Write a function called remove_duplicates which will take one argument called string. This string input will only have characters between a-z.
The function should remove all repeated characters in the string and return a tuple with two values:
A new string with only unique, sorted characters.
The total number of duplicates dropped.

remove_duplicates('aaabbbac')  => ('abc', 5)
remove_duplicates('a')         => ('a', 0)
remove_duplicates('thelexash') => ('aehlstx', 2)

solution

>>> def remove_duplicates(string):
...     unique  = ''.join(sorted(set(string)))
...     removed = len(string) - len(unique)
...     return unique, removed
... 
>>> remove_duplicates('aaabbbac')
('abc', 5)
>>> remove_duplicates('a')
('a', 0)
>>> remove_duplicates('thelexash')
('aehlstx', 2)

explanation

A set is a container for storing items similar to a list. The main differences being that they are unordered and they cannot store duplicated items:

>>> s = set()
>>> s.add('one')
>>> s
set(['one'])
>>> s.add('one')
>>> s.add('one')
>>> s
set(['one'])
>>> s.add('two')
>>> s
set(['two', 'one'])

We added 'one' multiple times but as the values of a set are unique the subsequent adds are ignored.

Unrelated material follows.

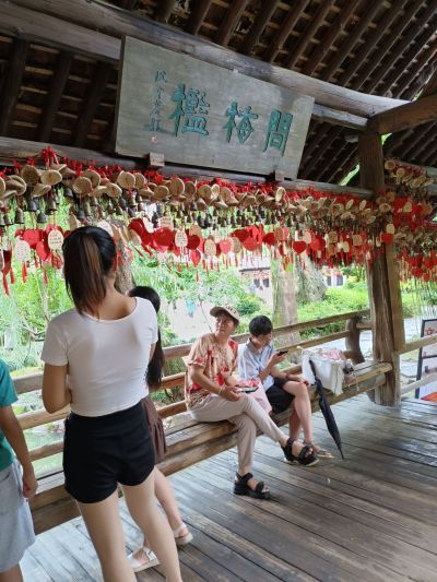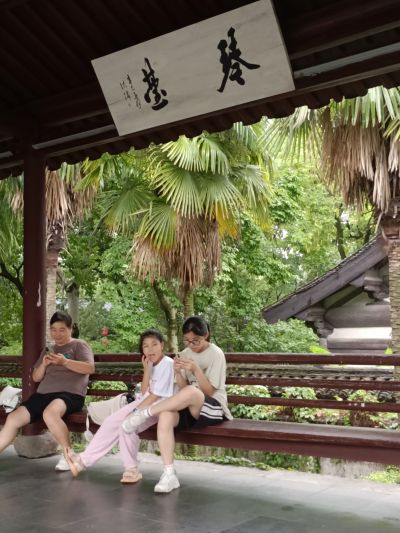 园中游客多是年轻人,有成双成对的,也有三五成群的。有的少女身着汉服,头戴簪花头饰,描着蛾眉,化着淡妆,手捧奶茶,在荷塘边漫步,在亭廊内小憩。她们游园,或许是为欣赏园林美景,或许是想展示青春亮丽。对于陆游与唐婉的哀怨故事,她们并不关注,也不去体味诗中意境,在她们心中,这些故事已如历史的烟尘。

We can also pass an iterable to set():

>>> set('aaabbbac')
set(['a', 'c', 'b'])
>>> set(['bob', 'alice', 'bob'])
set(['bob', 'alice'])

A common question is “How do I remove duplicates from a list?” and you can do that using sets.

So let’s step through the code to see what’s going on:

>>> string = 'thelexash'
>>> set(string)
set(['a', 'e', 'h', 'l', 's', 't', 'x'])
>>> sorted(set(string))
['a', 'e', 'h', 'l', 's', 't', 'x']
>>> ''.join(sorted(set(string)))
'aehlstx'

As we cannot rely on the order we use sorted() to sort the set for us and give us back a list. We then use ''.join() to turn the list into a string containing the unique characters.

Now that we have the unique characters how do we calculate how many were removed? We can simply take the length of the unique character string and substract it from the length of the original string.

>>> unique = ''.join(sorted(set(string)))
>>> len(string) - len(unique)
2

We then have the 2 values needed which we return from the function as a tuple.